March 9, 2013

This Post is Old!

The post you are reading is years old and may not represent my current views. I started blogging around the time I first began to study philosophy, age 17. In my view, the point of philosophy is to expose our beliefs to rational scrutiny so we can revise them and get better beliefs that are more likely to be true. That's what I've been up to all these years, and this blog has been part of that process. For my latest thoughts, please see the front page.

Philosophers' Carnival 149

Welcome to Philosophers' Carnival 149! The Philosophers' Carnival is a monthly showcase of the best philosophical blog posts.

First up is Derk Pereboom's "The Free Will Debate and the Limits of Philosophical Method" at Flickers of Freedom.

Glenn Carruthers explains delusions of alien control and their relevance to the theory of agency at Philosophy of Brains.

Speaking of mind and action, I should note an important event in 'virtual philosophy' in the past month: the Fifth Online Consciousness Conference.

Also in philosophy of mind, we have Richard Brown's discussion of phenomenal concepts at Philosophy Sucks!

Our final philosophy of mind entry is Eric Schwitzgebel's discussion of self-knowledge at The Splintered Mind. (In case this post leaves you confused about geography: it appears from Wikipedia, that not only is Armadillo not the capital of Texas, but 'Armadillo' is not the name of a city in Texas.
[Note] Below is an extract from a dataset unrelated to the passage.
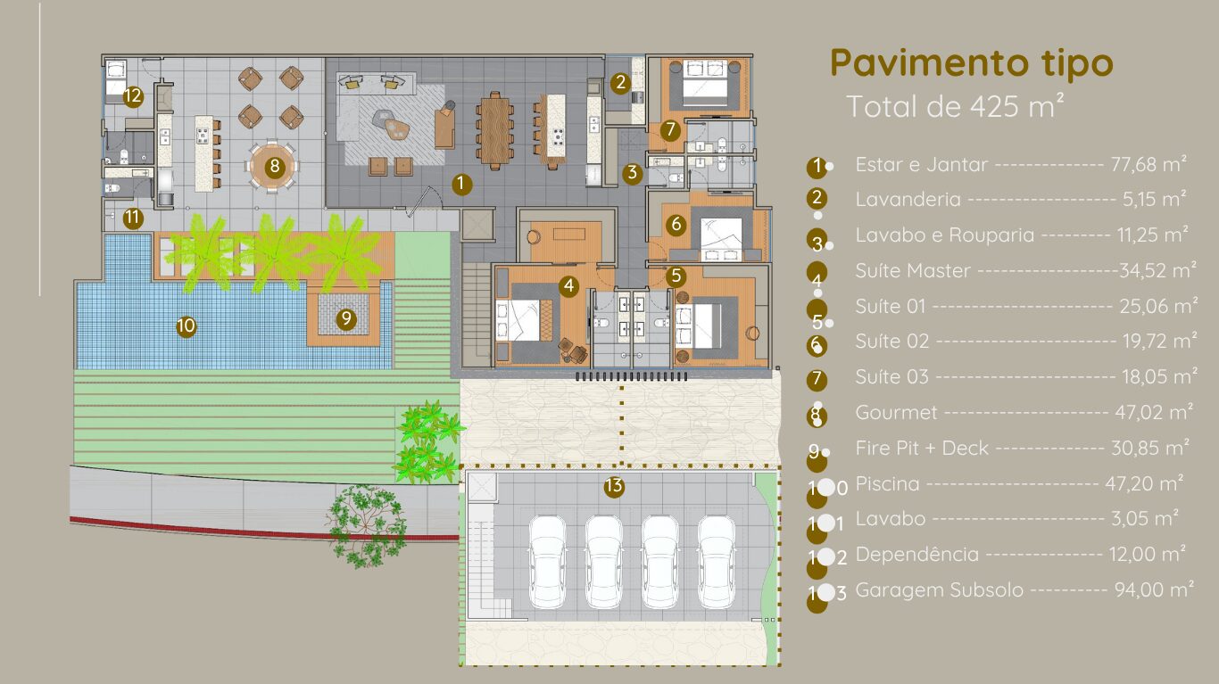 📐 425m² de área construída
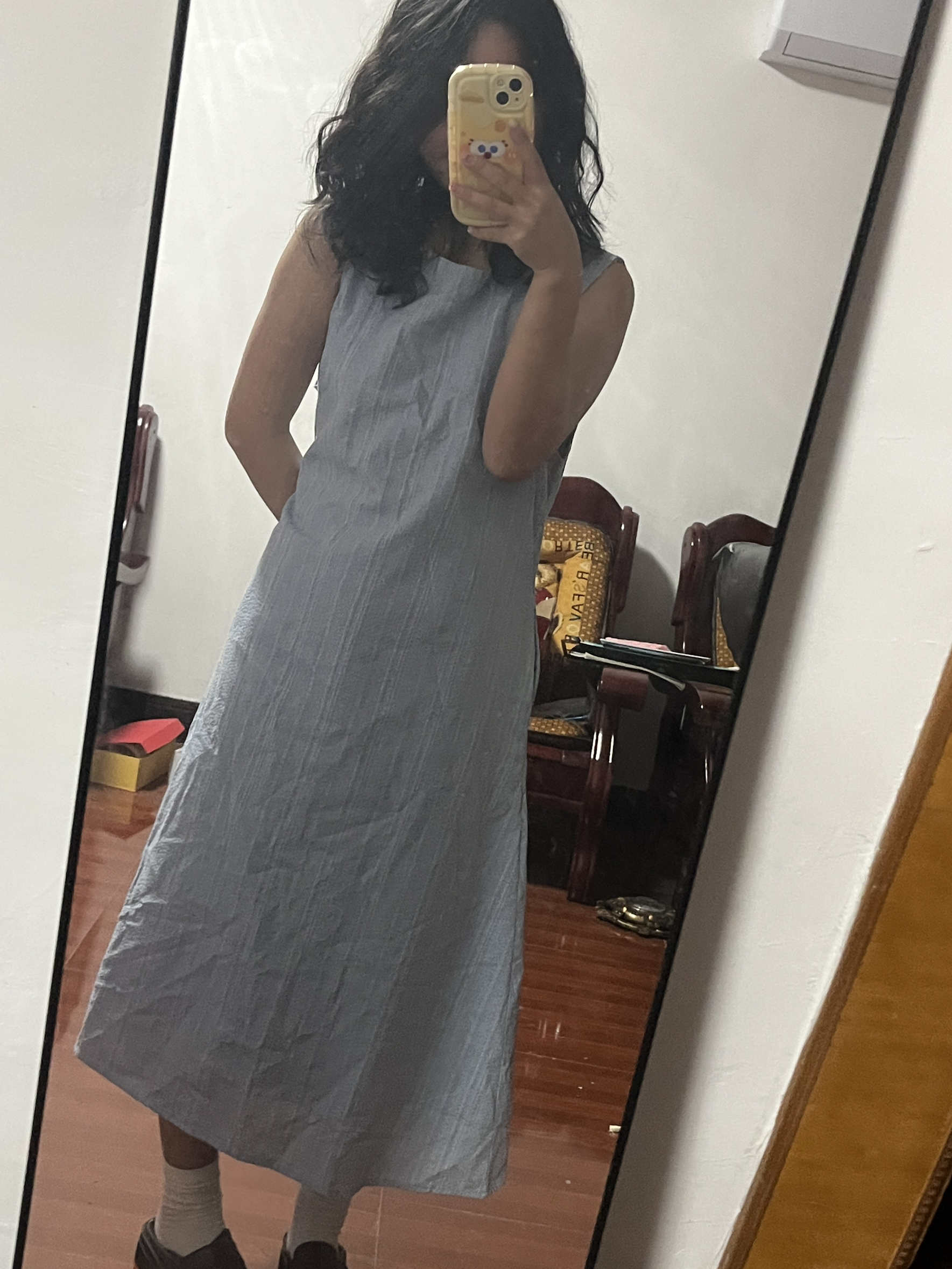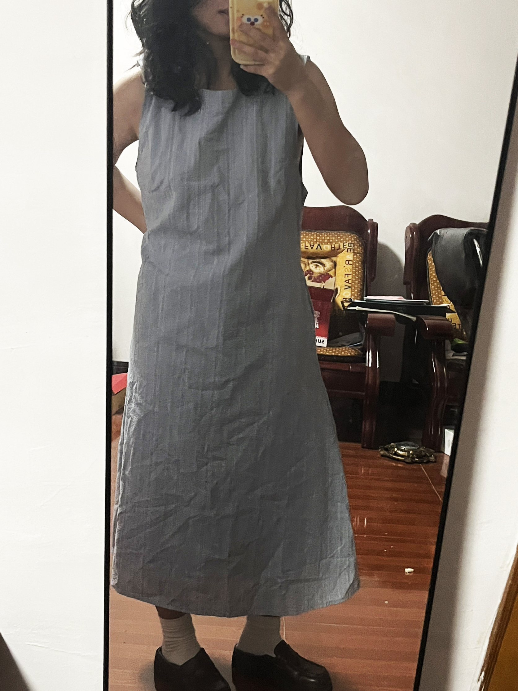 明星周也同款 蓝色条纹无袖背心连衣裙女 夏季新款文艺小清新气质长裙 度假⛱️海边很适合 裙摆很长 适合高个子女生

At least that's what I gather from the fact that searching for Armadillo, Texas lands you on the page for Amarillo.)

Turning now to other topics, we have Wes Alwan's review of Thomas Nagel's Mind and Cosmos at The Partially Examined Life.

John Danaher discusses a different Nagel (Saskia) who argues that the possibility of technological self-enhancement will lead to too much choice, and thereby have a negative effect on our well-being, at Philosophical Disquisitions.

Noah Greenstein suggests a novel way of classifying ethical theories.

Wolfgang Schwartz proposes an expressivist analysis of probability statements in physics.

Also on the topic of probability in science, Alexander Pruss discusses infinite multiverses and probabilistic reasoning at The Prosblogion.

Also on The Prosblogion, Ryan Nichols discusses sociological and psychological factors which predict especially widespread bias in philosophy of religion.

Ex-apologist discusses a recent article by Daniel Howard-Snyder criticizing Plantinga's Free Will Defense against the Logical Problem of Evil.

My own contribution, "Berkeley, Analogy, Matter, and God," highlights some connections between Berkeley's polemic against matter and an early 18th century debate about religious language.

Relatedly, there has recently been some blog discussion about John Toland, an undeservedly obscure Irish thinker whose incendiary book Christianity Not Mysterious (1696) helped launch the Locke-Stillingfleet correspondence, and also had a significant influence on Berkeley's intellectual development (or so I claim). Our entries on Toland are Eric Schliesser's discussion of Toland's account of the 'genealogy' of the idea of the immortality of the soul at NewAPPS, and Stewart Duncan's post on Toland's view of the epistemological role of testimony at The Mod Squad.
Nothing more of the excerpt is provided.